■ WHAT TO DO
Please reproduce the listing word for word. Pictures stay out.

■ DATA
===============
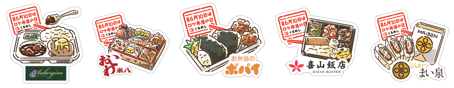 ロケ弁の代表格ともいえる人気店と協力して、ロケ弁をポップなイラストをデザインした、オリジナルステッカーを作成しました。対象店舗にて、店頭や商品納品時に数量限定でプレゼントする他、くるめし公式Twitterでステッカープレゼントキャンペーンを実施します。
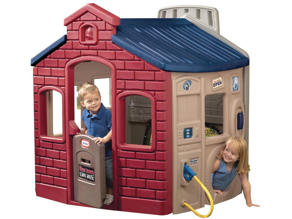 Na športové stene nájdete Basketballová kôš, futbalovú bránku a štyri očíslované ciele. Súčasťou balenia je aj lopta. Na stene obchod na deti čaká pult, bankomat, servírovacie okienko a vylisované detaily ovocia v prepravkách. Na stene pre motoristov si deti môžu vyhrať s čerpacou stanicou s tankovacím stojanom, prenosným telefónom. Predná stena je koncipovaná ako vchod do školy, vnútri deti nájdu stolček a tabuľu. Rozmer: 147dx155šx140v cm.
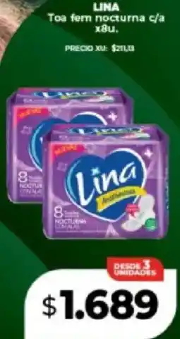 | Lina toalla femenina normal c/a 8 u | Supermayorista Vital | $ 949,00 | 03 noviembre 2025 | 09 noviembre 2025 | |||
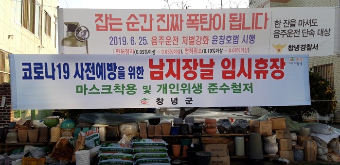 창녕군은 인근 대구광역시에서 확진자가 대량으로 발생하고 도내 시군에서도 확진자가 발생함에 따라 전통시장의 임시 휴장을 결정하였다.
===============
■ SOLUTION TO THE EXERCISE
 ロケ弁の代表格ともいえる人気店と協力して、ロケ弁をポップなイラストをデザインした、オリジナルステッカーを作成しました。対象店舗にて、店頭や商品納品時に数量限定でプレゼントする他、くるめし公式Twitterでステッカープレゼントキャンペーンを実施します。
 Na športové stene nájdete Basketballová kôš, futbalovú bránku a štyri očíslované ciele. Súčasťou balenia je aj lopta. Na stene obchod na deti čaká pult, bankomat, servírovacie okienko a vylisované detaily ovocia v prepravkách. Na stene pre motoristov si deti môžu vyhrať s čerpacou stanicou s tankovacím stojanom, prenosným telefónom. Predná stena je koncipovaná ako vchod do školy, vnútri deti nájdu stolček a tabuľu. Rozmer: 147dx155šx140v cm.
 | Lina toalla femenina normal c/a 8 u | Supermayorista Vital | $ 949,00 | 03 noviembre 2025 | 09 noviembre 2025 | |||
 창녕군은 인근 대구광역시에서 확진자가 대량으로 발생하고 도내 시군에서도 확진자가 발생함에 따라 전통시장의 임시 휴장을 결정하였다.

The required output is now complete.